Is this with the hardware watchdog implementation?
> About the tests
>
> 1. The "single-engine" tests basically resets one engine, I use
> the "for_each_engine_class_instance" looper to simple iterate over the
> different engines. Given the option to specify which engine to reset is
> not a hard requirement, I could simply loop through all of them at
> once.
>
> Also, on this test I took Antonio's suggestion where:
>
> - Submit work from context A
> - Set a non 0 threshold on context A
> - Submit more work on context A
>
> And expect the work before you set the threshold is not reset and what
> was sent after is.
>
> Then I assert if the "batch_active" doesn't match my own counter after
> each reset:
>
> igt_assert_eq(rs.batch_active, active_count);
What happened to testing the output fence status?
>
> 2. About the "long_batch_2_contexts" test case. The idea here is that
> the outer looper is "ctx1" and the inner looper is "ctx2". The outer
> loop randomnly generates engine id and the inner loop simply increments
> engines 1 through 4, then based on the input parameters we can let it
> execute, cancel, and set the priority.
>
> For example if the test says "ctx1-execute-ctx2-cancel" then this means
> the outer loop set the watchdog and executes while the inner loop sets
> the watchdog and cancels the execution, but since I am looping through
> all of the engines, then it will do that for all of them:
How are you looping through engines when either of the iterators wasn't
used?
Anyways, do you have that reply where I outlined some ideas for things
to test? Where do you think the current version stands against that?

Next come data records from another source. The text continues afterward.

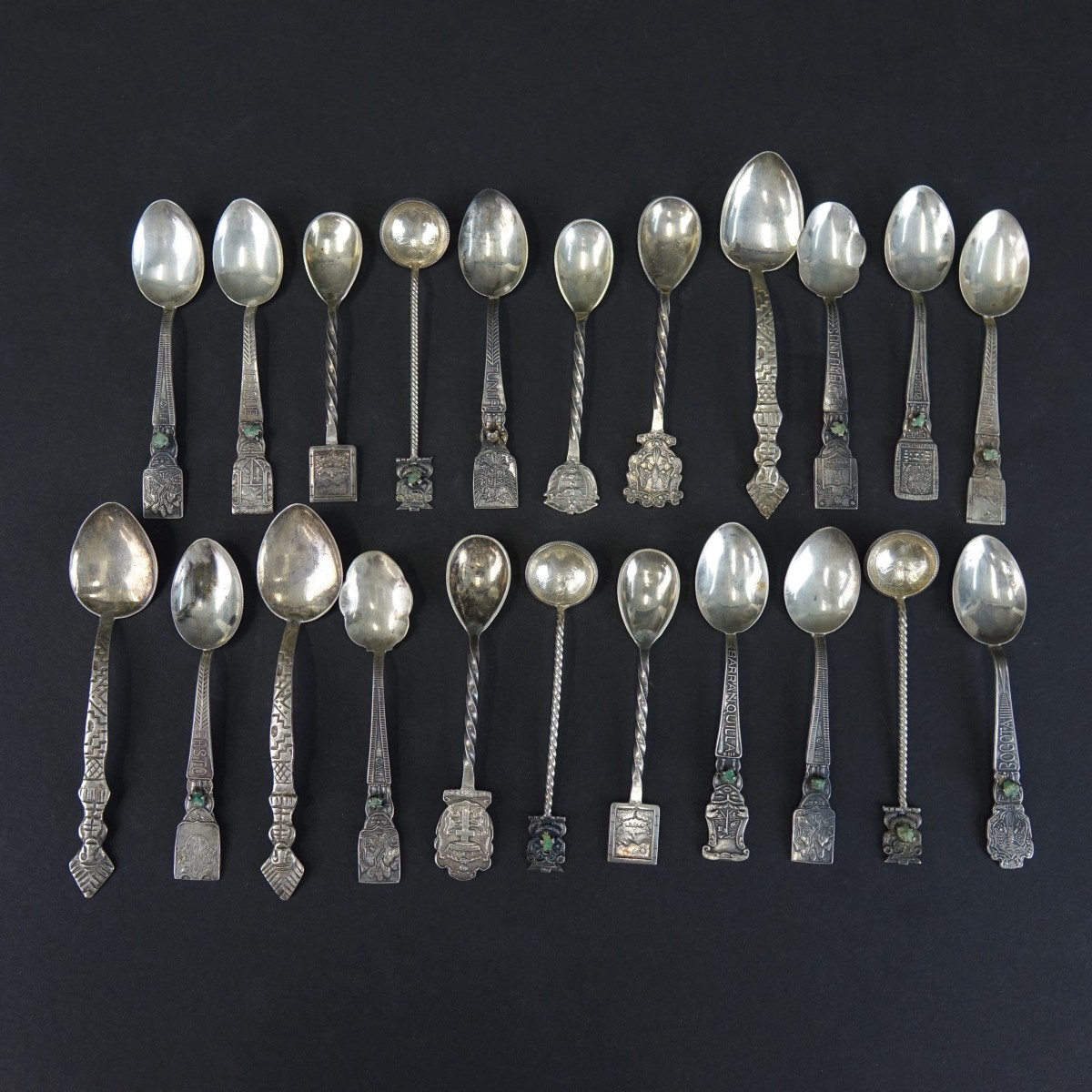 Grouping of Twenty-Two (22) Sterling Silver and 900 Silver Souvenir Spoons. A few with mounted stones at the handle. Largest measures 4-3/8", smallest measures 3-3/4". Total approx. weight: 7 troy ounces. Condition: Needs cleaning, some with missing stones otherwise good condition. Estimate: $50.00 - $150.00 Domestic Shipping: $48.00
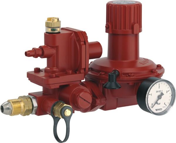 Двухступенчатые регуляторы давления сочетают свойства РД первой и второй ступеней и предназначены для снижения высокого давления паровой фазы СУГ, отбираемой из резервуарных установок, а также автоматического поддержания низкого давления в заданных пределах независимо от колебаний входного давления, изменений расхода газа и температуры. Две ступени обеспечивают более стабильное выходное давление по сравнению с одноступенчатыми регуляторами. Двухступенчатые РД также оснащаются встроенными системами защиты от повышенного выходного давления.
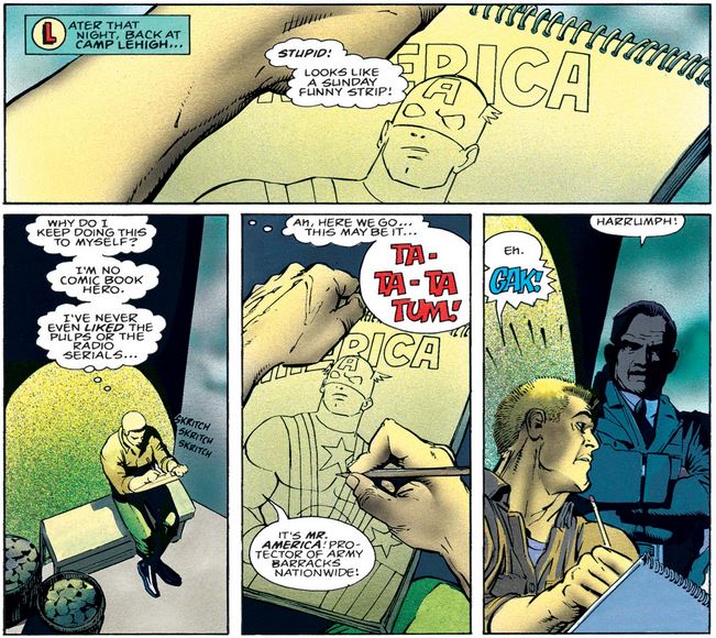 Steve keeps sketching, this time calling his character Mr. America—also the name of a Golden Age DC Comics hero who debuted in Action Comics #1 along with that other fella mentioned above.
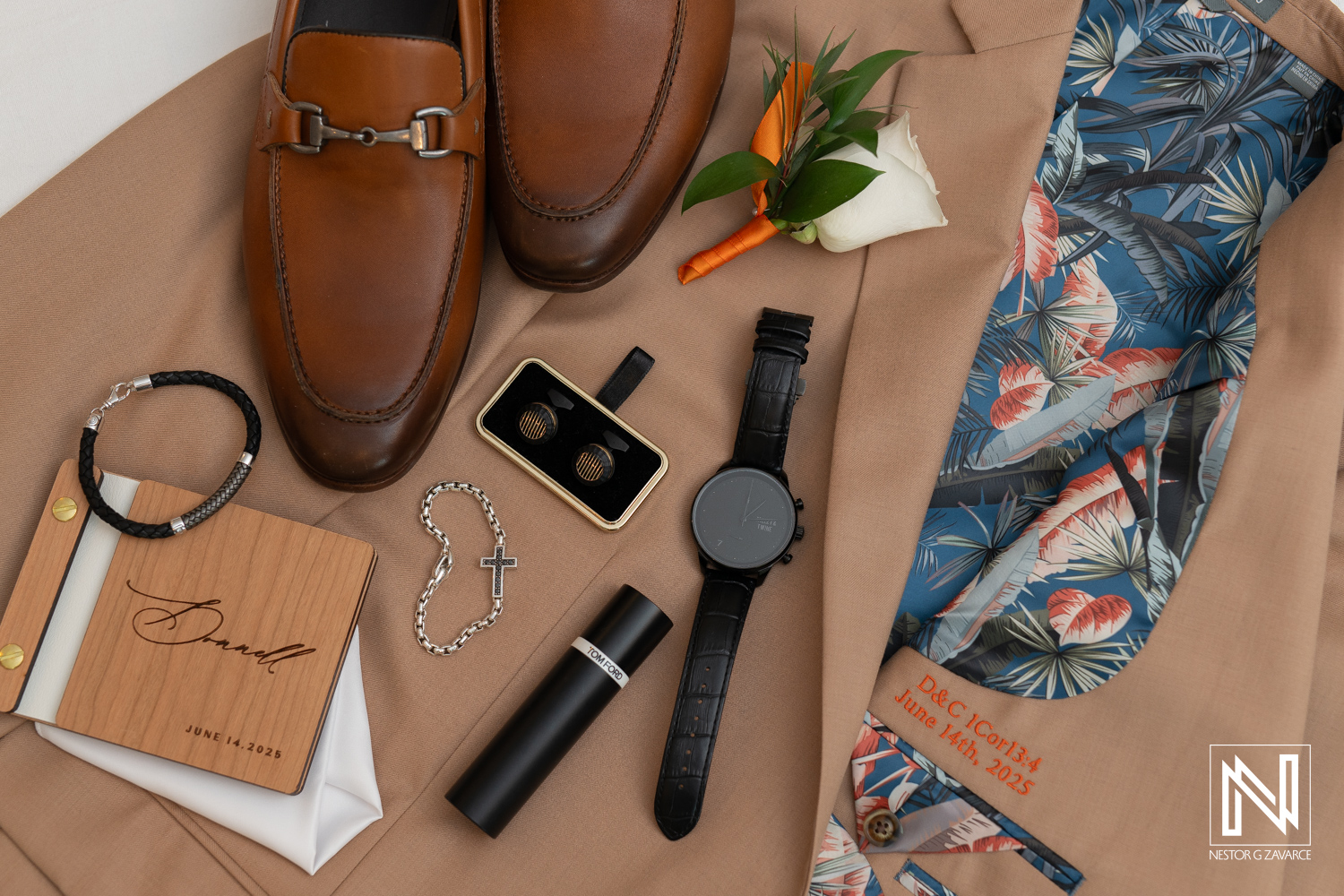 Wedding accessories displayed elegantly for a destination wedding at Avila Beach Hotel in Curacao
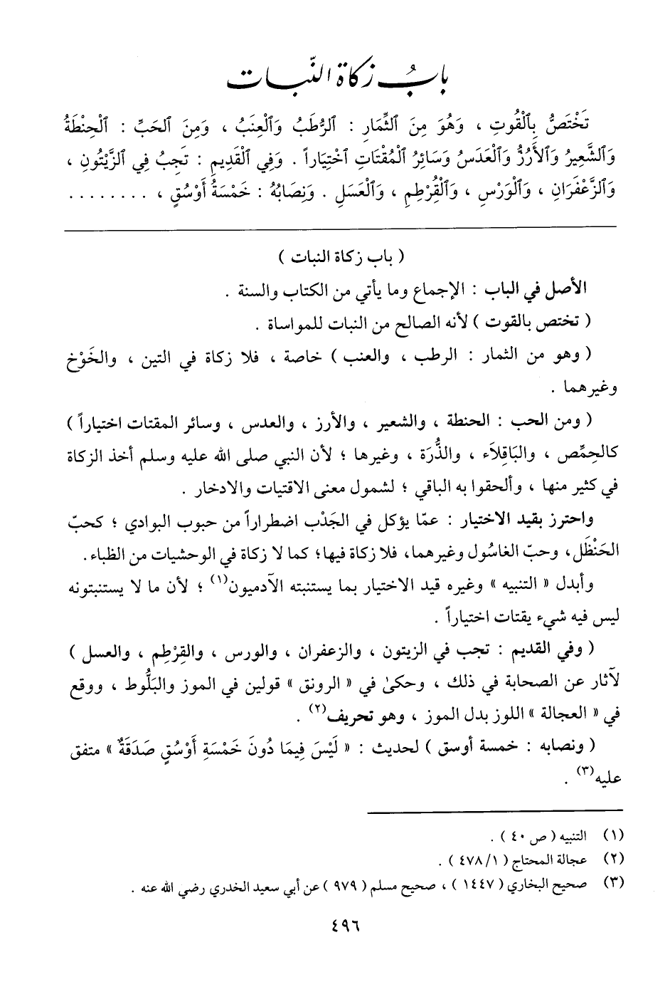 واحترز بقيد الاختيار: عمّا يؤكل في الجَدْب اضطرارًا من حبوب البوادي؛ كحبّ الحَنْظَل، وحبّ الغاسُول وغيرهما، فلا زكاة فيها؛ كما لا زكاة في الوحشيات من الظباء.
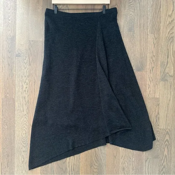 Eileen Fisher ribbed draped midi skirt. In charcoal grey. Elastic waist, fully lined in silk. Panele... Show more
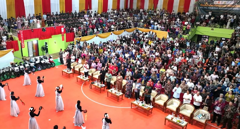 PURUK CAHU-Ribuan umat Kristiani dari berbagai wilayah di Kabupaten Murung Raya (Mura) memenuhi GOR Tana Malai Tolung Lingu, Puruk Cahu, pada Senin (1/12) untuk mengikuti Ibadah Perayaan Natal Oikumene ASN, TNI, Polri, dan masyarakat. Suasana penuh sukacita tampak sejak awal acara, menandai antusiasme tinggi jemaat dalam menyambut perayaan tersebut.
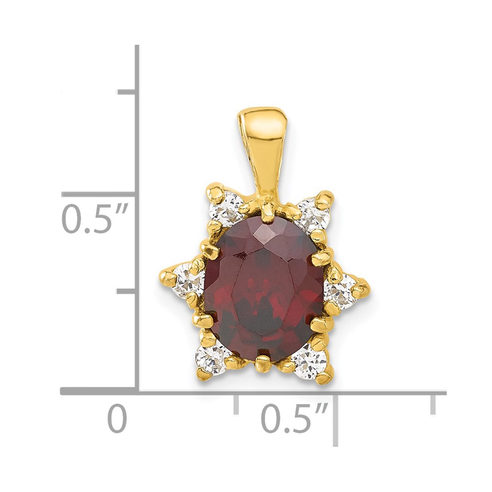 Sterling Silver Flash Gold-plated Red & White CZ Oval Pendant
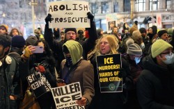 27일(현지시간) 도널드 트럼프 행정부의 이민 단속에 반대하는 시위대가 뉴욕 맨해튼의 힐튼 가든 인 호텔 앞에서 항의하고 있다. [AFP=연합뉴스] 미국 애리조나주 국경 지대에서 시민이 국경 단속 요원의 총에 맞는 사건이 발생했다. 사건은 27일(현…
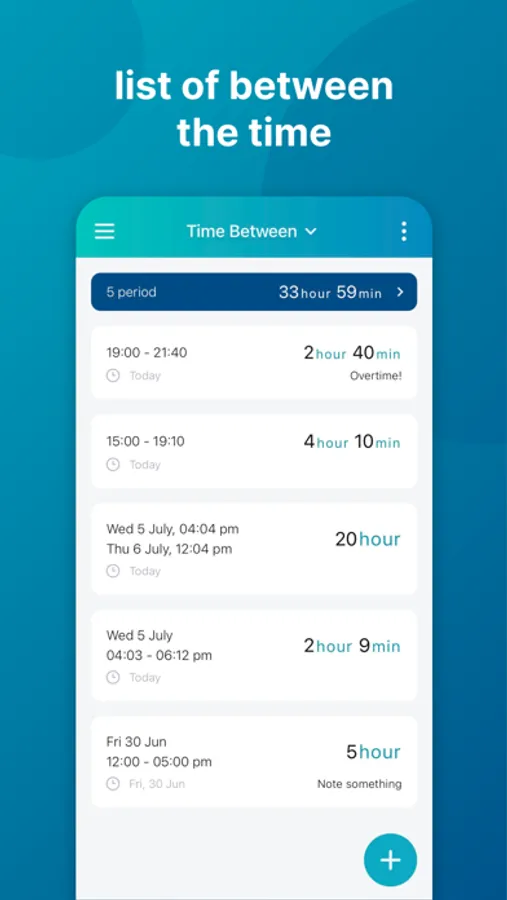 #2 - Time Between: list of period time for your hour work (like TimeSheet)
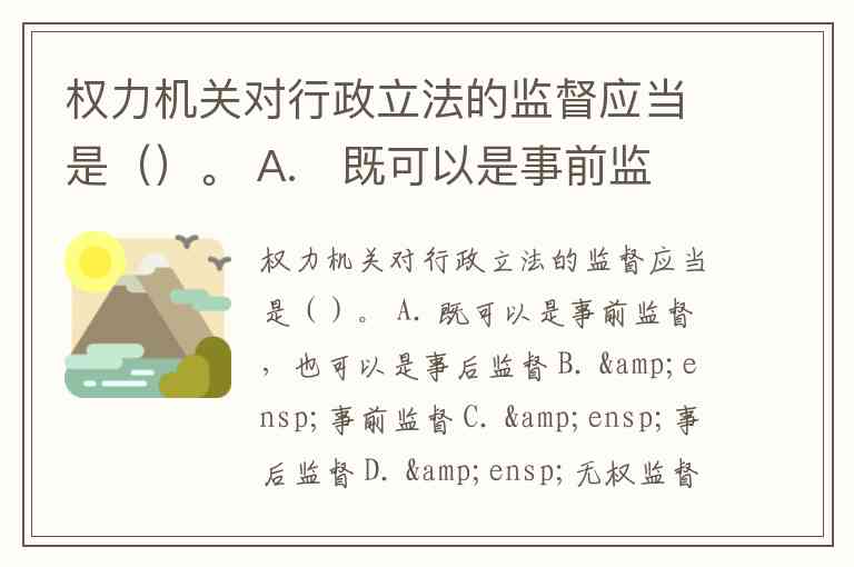 权力机关对行政立法的监督应当是()。 A. 既可以是事前监督,也可以是事后监督 B. 事前监督 C. 事后监督 D. 无权监督
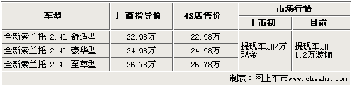 起亞進(jìn)口SUV全新索蘭托于7月29日正式上市銷售,前期推出了三款車,售價(jià)為22.98萬(wàn)——26.78萬(wàn)元。據(jù)網(wǎng)上車市價(jià)格監(jiān)測(cè)系統(tǒng)顯示:目前北京地區(qū)進(jìn)口起亞4S店內(nèi)無(wú)現(xiàn)車銷售,急于提現(xiàn)車的消費(fèi)者在店內(nèi)購(gòu)買1.2萬(wàn)元的裝飾后,即可在本周提到愛(ài)車,而預(yù)訂則需要等待一個(gè)月左右。

Will you work on tidying the code a bit so it is easier to review the
high level?
Regards,
Tvrtko
>
> engine1 - executes
> engine1 - cancel
> engine2 - cancel
> engine3 - cancel
> engine4 - cancel
> engine4 - executes
> engine1 - cancel
> engine2 - cancel
> ...
>
> v2 of the series was hardcoding the engines to say vecs0 and rcs0 but
> Antonio suggested that we could iterate through the different engines.
>
> Regards,
> Carlos
>
>
>>
>> In general it looks a bit untidy. Coding style is off, alignment is
>> random etc.. so a bit difficult to read. But I'll make a pass and see
>> if
>> I can make sense of it. I won't leave comments on coding style and
>> formatting since there are too many. But please do fix that before
>> re-posting.
>>
>> On 23/04/2019 01:05, Carlos Santa wrote:
>>> This test adds basic set of tests to reset the different
>>> GPU engines through the gpu watchdog timer.
>>>
>>> Credits to Antonio for the original codebase this is based on.
>>>
>>> v2: remove gem_context_get_param() during set (Antonio)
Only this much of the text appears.